Your answer is the line containing "подписи к снимку." plus every line after it through the end of the records, printed exactly and free of pictures.
Segment Open
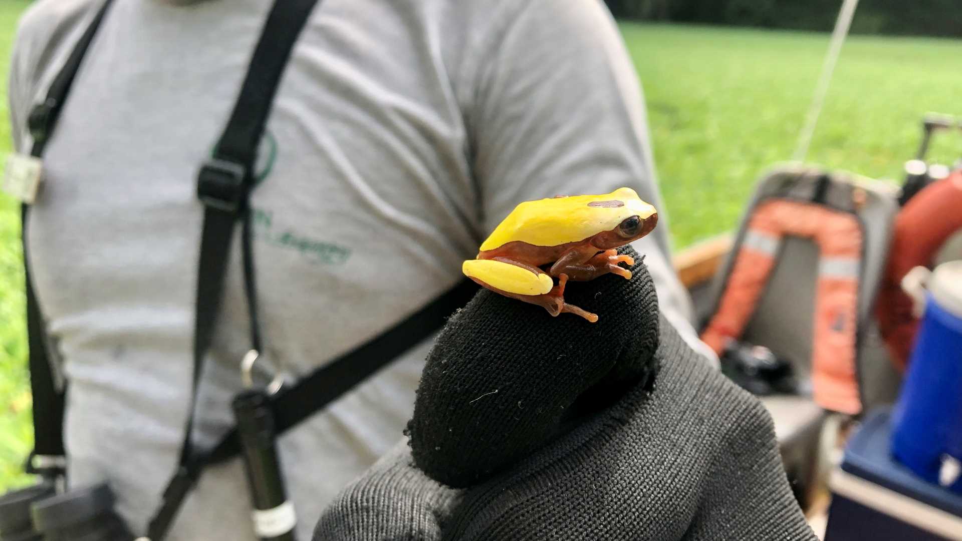 Right after breakfast, we boarded the skiffs to ride along the blackwater Yanayaquillo River. We were greeted by the playful behavior of capuchin monkeys and the vibrant hues of blue-and-yellow macaws. Our journey led us to the tranquil Renacal Lagoon; it is abundant with floating vegetation and serves as a haven for sun-basking reptiles. Here we marveled at white caimans, a caiman lizard, colorful frogs, and even a small anaconda; each creature contributes to the lagoon's rich mosaic of wildlife.
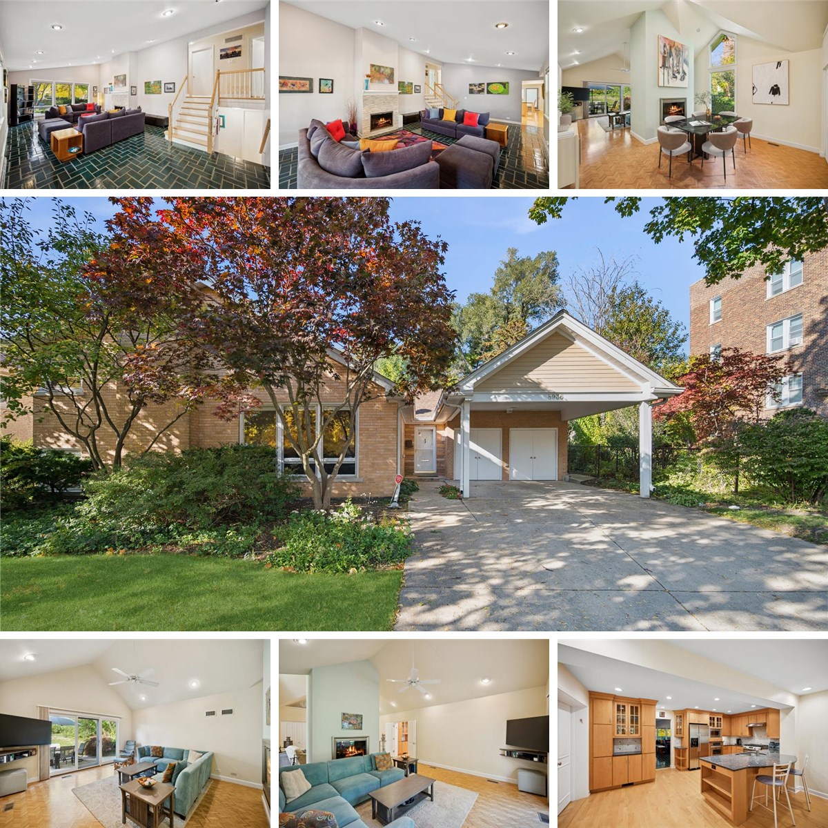 Thoughtfully expanded split-level on double lot in desirable Skokie Devonshire Manor neighborhood. Move right into this beautifully expanded 3 bedroom, 3 bath home perfectly designed for entertaining and comfortable everyday living. The main level features a spacious living room with vaulted ceilings, a wood-burning fireplace with a stone surround and abundant natural light. The open-concept dining and family room share a striking two-sided fireplace and offer seamless access to the patio and yard through sliding doors. The huge eat-in kitchen is complete with custom wood cabinetry, granite countertops, stainless steel appliances, wood floors, a decorative tile backsplash, breakfast bar and custom buffet. A generous eat-in area with sliders opens to the yard, making indoor-outdoor entertaining seamless. Upstairs, the expanded primary suite impresses with a vaulted ceiling, walk-in closet and sitting area. The luxurious bath is flooded with natural light from skylight and features a large walk-in shower and quartz-topped vanity. Two additional bedrooms with organized closets share a stylish updated hall bath. The lower level offers a flexible family room or office area with fireplace, along with a full bath and laundry room. Outside, enjoy a private, expansive yard on a double lot, complete with a patio and carport with ample storage. This home offers the space, updates and layout you've been searching for - all in a prime Skokie location close to parks, schools and transportation.
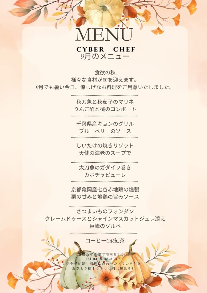9月のメニューより
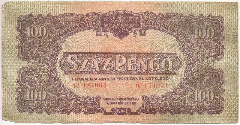 Leírás: 1944. 100P "TC 124064" "A Vöröshadsereg Parancsnoksága" T:III kis szakadások
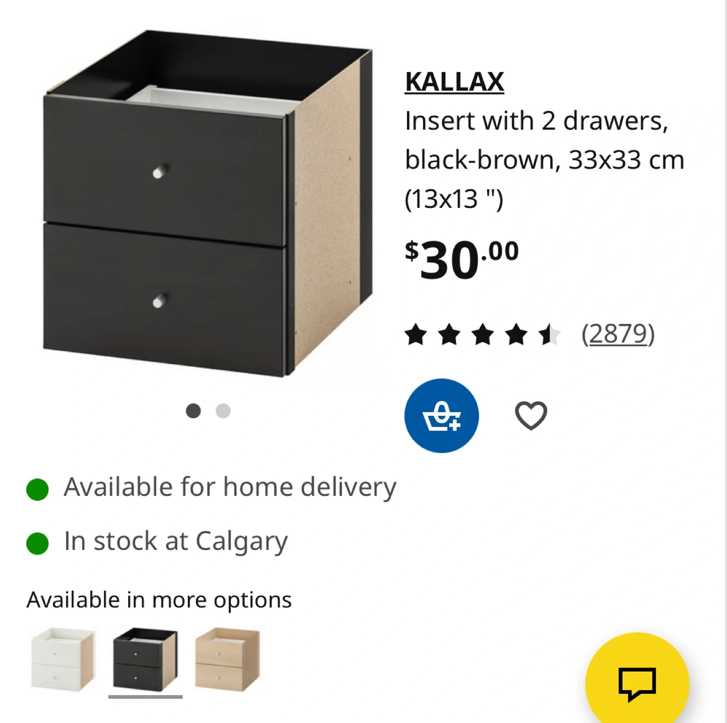 10Selling a brand new IKEA Kallax insert with two drawers! It's still in its original packaging, never opened. The insert is black-brown and measures 33x33 cm (13x13 inches). Originally bought for $30. Perfect for adding some extra storage to your Kallax shelf unit!
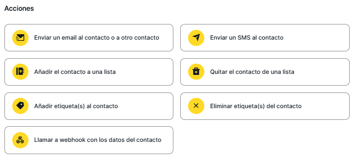Estas acciones te permiten personalizar la experiencia del usuario, activar comunicaciones automatizadas y actualizar la información de tus contactos.
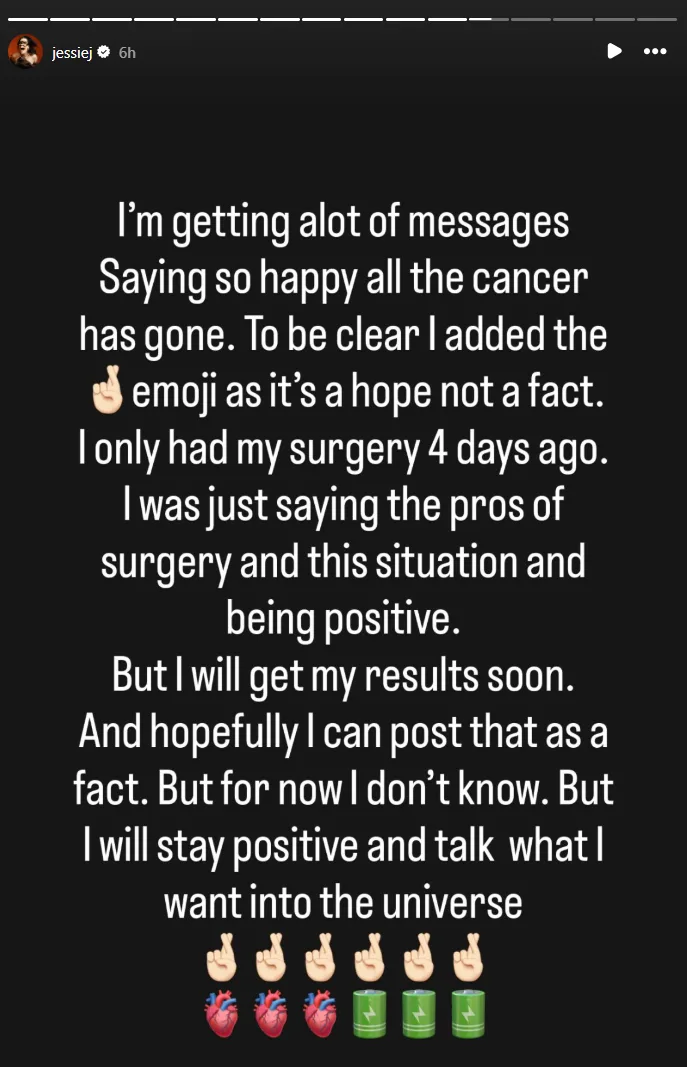 While her surgery was to get rid of the cancer, Jessie remains hopeful that once she gets her results back that she'll be in the clear.
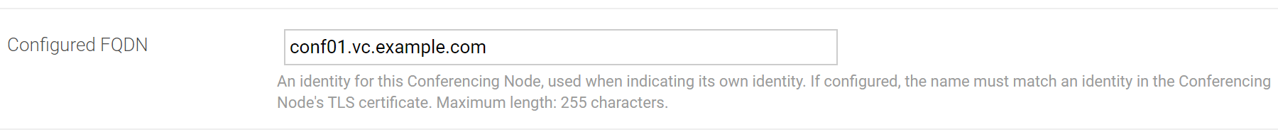 The example above shows the Configured FQDN for the conf01 Conferencing Node, which is set to conf01.vc.example.com.
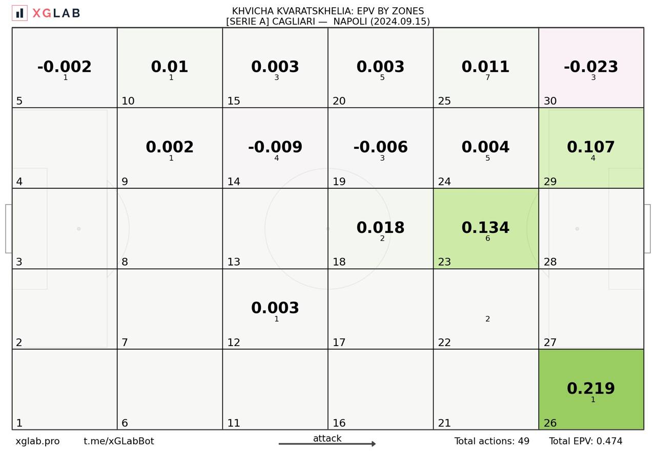 Несмотря на смазанные с точки зрения сыгранности с партнёрами стартовые два тура, совокупные нон-шот показатели Хвичи «выросли в цене» (2 слайд). Отрицательные значения EPV грузина остаются только в зонах, которые он делит с Лоботкой, да и то лишь в силу специфики владений (здесь Кварацхелии объективно сложно принимать решения на мяче + выше риск потерь).
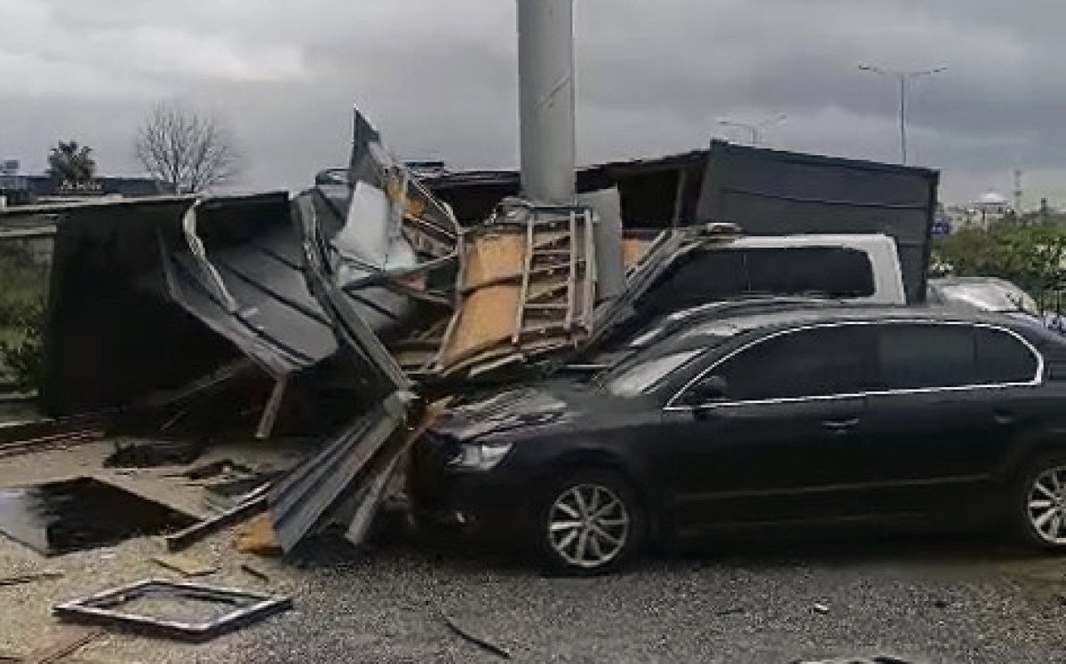 Bugün saat 11.30 sıralarında çıkan hortum, bir mobilya satış mağazası önünde bulunan 2 ton ağırlığındaki üçgen evi otomobillerin üzerinden uçurup, 30 metre ileride ters döndürdü.
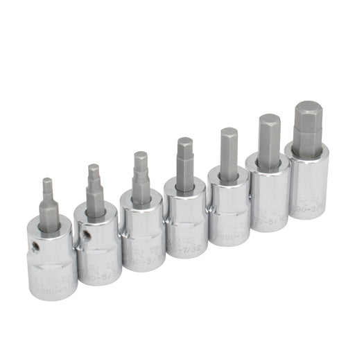 -Juego de 7 dados punta hexagonal en pulgadas en riel Urrea -Dados con punta hexagonal de 1/8" a 3/8" cuadro 3/8" en riel y clips en blíster.
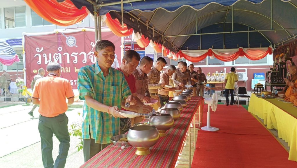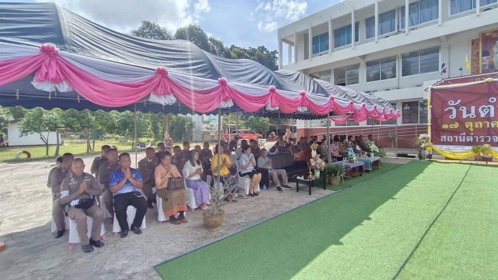 วันที่ 17 ตุลาคม 2567 พ.ต.อ.ขวัญเมือง โกสุมา พร้อมด้วย ข้าราชการตำรวจ สภ.ปรางค์กู่ กต.ตร.สภ.ปรางค์กู่ ร่วมพิธีสงฆ์ ถวายภัตตาหารเพลพระภิกษุสงฆ์ เพื่ออุทิศส่วนกุศล ให้แด่ข้าราชการตำรวจที่ล่วงลับไปแล้ว และเพื่อเป็นศิริมงคลแก่ข้าราชการตำรวจ เนื่องในวัน ตำรวจแห่งชาติ
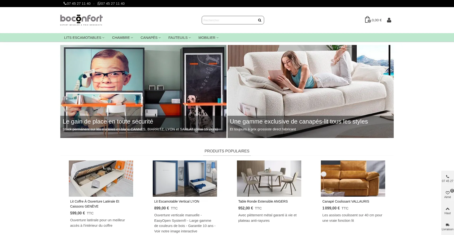 Vente de lits coffres, lits escamotables, canapés-lits. Spécialiste de literie et mobilier gain de place
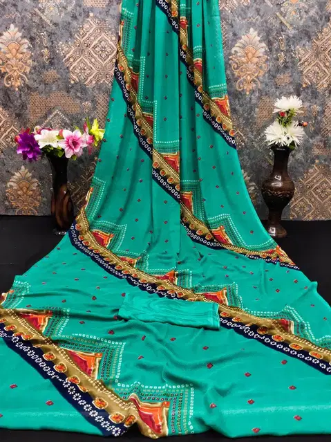 Georgette Printed Saree for Women (Sea Green, 6.3 m)
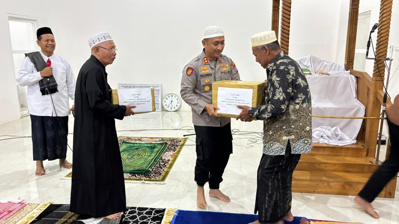 Rangkaian kegiatan meliputi shalat subuh berjamaah, imbauan kamtibmas serta penyerahan bingkisan oleh Kapolres Morowali.
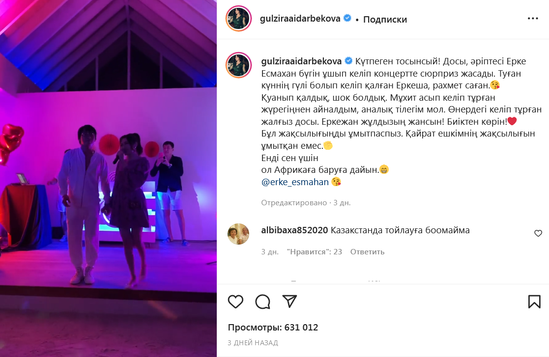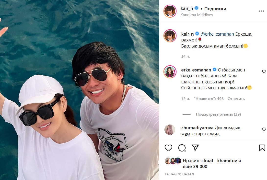 "Еркеша, спасибо. Пусть все мои друзья будут здоровы", — говорится в подписи к снимку.
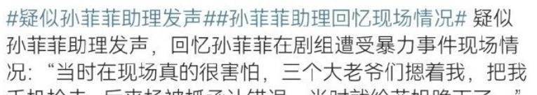 孫菲菲的助理隨后也出來回應,當時她在現場想打電話求救,但被三個大男人坐在身上。
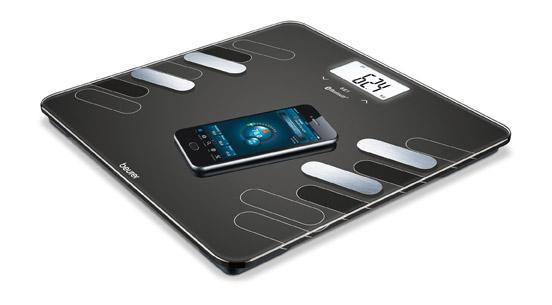 Diagnostična bluetooth tehtnica Beurer BF 600 omogoča inovativno povezavo s pametnim telefonom (brezplačna APP Store + Google Play) in tehtnico za lažje spremljanje vseh meritev in podatkov o telesu tako doma kot na poti.
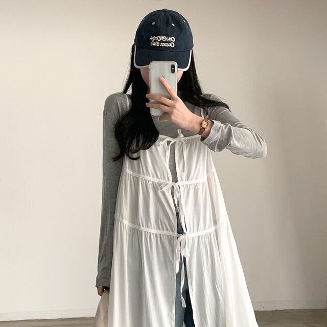 切り替え位置が高めでスタイルアップ効果があり、ロング丈のティアードデザインが女性らしさを演出してくれます。
Segment Closed
**REPLY**
 "Еркеша, спасибо. Пусть все мои друзья будут здоровы", — говорится в подписи к снимку.
 孫菲菲的助理隨后也出來回應,當時她在現場想打電話求救,但被三個大男人坐在身上。
 Diagnostična bluetooth tehtnica Beurer BF 600 omogoča inovativno povezavo s pametnim telefonom (brezplačna APP Store + Google Play) in tehtnico za lažje spremljanje vseh meritev in podatkov o telesu tako doma kot na poti.
 切り替え位置が高めでスタイルアップ効果があり、ロング丈のティアードデザインが女性らしさを演出してくれます。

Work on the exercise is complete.